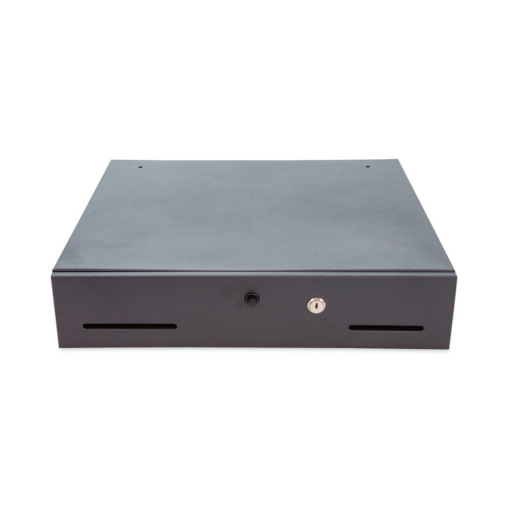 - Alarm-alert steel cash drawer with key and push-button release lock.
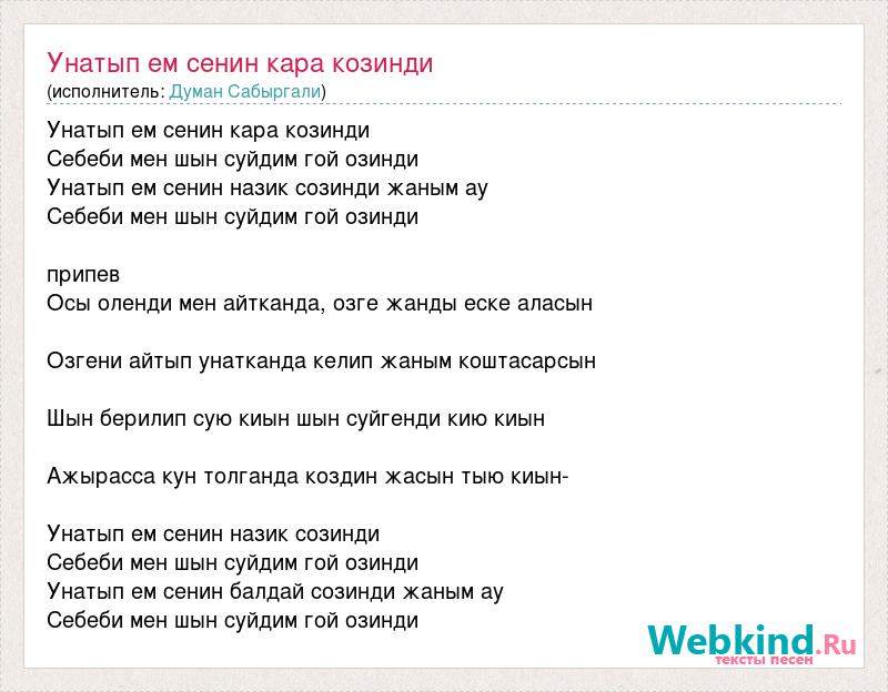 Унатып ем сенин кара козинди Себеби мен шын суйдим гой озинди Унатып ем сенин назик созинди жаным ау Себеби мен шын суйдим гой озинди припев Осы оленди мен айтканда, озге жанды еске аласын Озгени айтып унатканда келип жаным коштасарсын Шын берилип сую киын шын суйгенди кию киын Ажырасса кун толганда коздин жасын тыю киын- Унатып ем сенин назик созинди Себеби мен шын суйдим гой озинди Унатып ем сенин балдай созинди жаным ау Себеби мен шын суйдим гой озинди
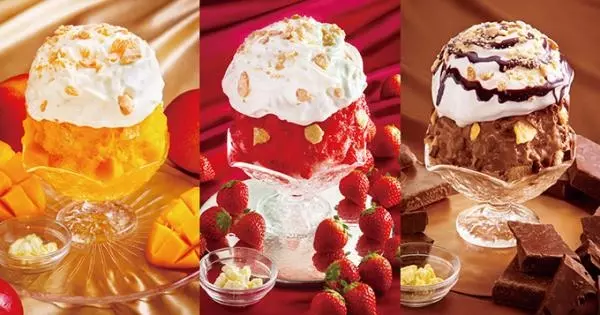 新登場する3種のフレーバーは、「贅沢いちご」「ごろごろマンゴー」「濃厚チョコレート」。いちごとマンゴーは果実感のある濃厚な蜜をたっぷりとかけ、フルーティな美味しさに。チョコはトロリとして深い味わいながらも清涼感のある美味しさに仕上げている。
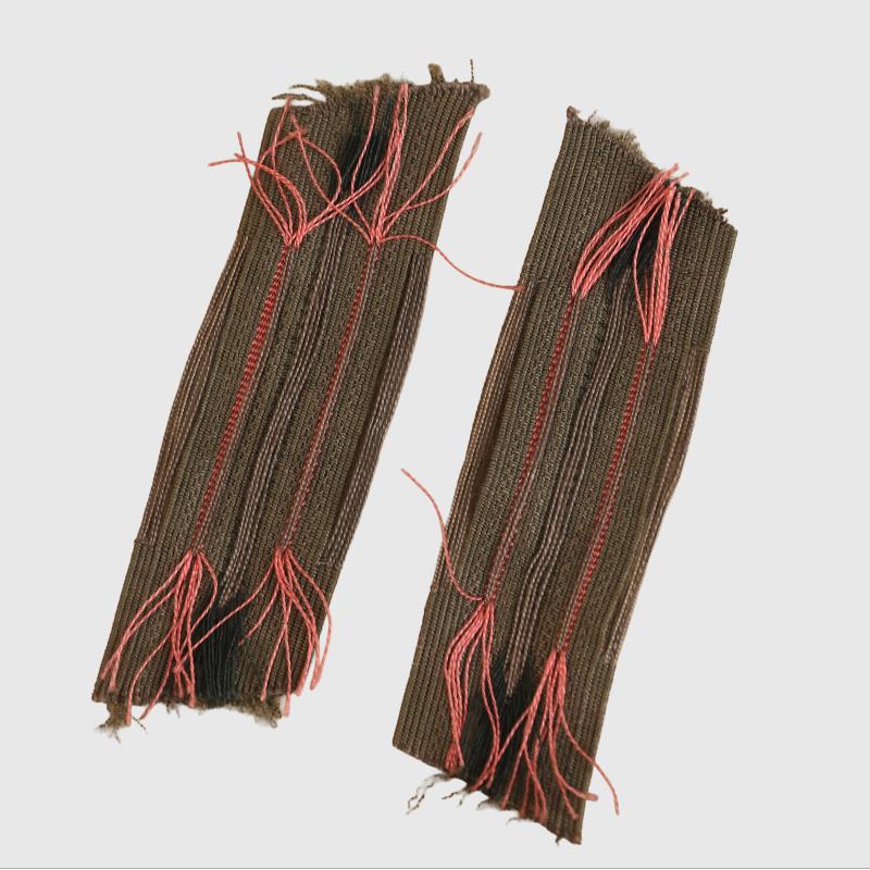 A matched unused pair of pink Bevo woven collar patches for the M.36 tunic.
========
▸ **WHAT YOU WILL DO**
The task calls for every line of the data to be returned exactly, without pictures.

▸ **SOLUTION TO THIS EXERCISE**
 - Alarm-alert steel cash drawer with key and push-button release lock.
 Унатып ем сенин кара козинди Себеби мен шын суйдим гой озинди Унатып ем сенин назик созинди жаным ау Себеби мен шын суйдим гой озинди припев Осы оленди мен айтканда, озге жанды еске аласын Озгени айтып унатканда келип жаным коштасарсын Шын берилип сую киын шын суйгенди кию киын Ажырасса кун толганда коздин жасын тыю киын- Унатып ем сенин назик созинди Себеби мен шын суйдим гой озинди Унатып ем сенин балдай созинди жаным ау Себеби мен шын суйдим гой озинди
 新登場する3種のフレーバーは、「贅沢いちご」「ごろごろマンゴー」「濃厚チョコレート」。いちごとマンゴーは果実感のある濃厚な蜜をたっぷりとかけ、フルーティな美味しさに。チョコはトロリとして深い味わいながらも清涼感のある美味しさに仕上げている。
 A matched unused pair of pink Bevo woven collar patches for the M.36 tunic.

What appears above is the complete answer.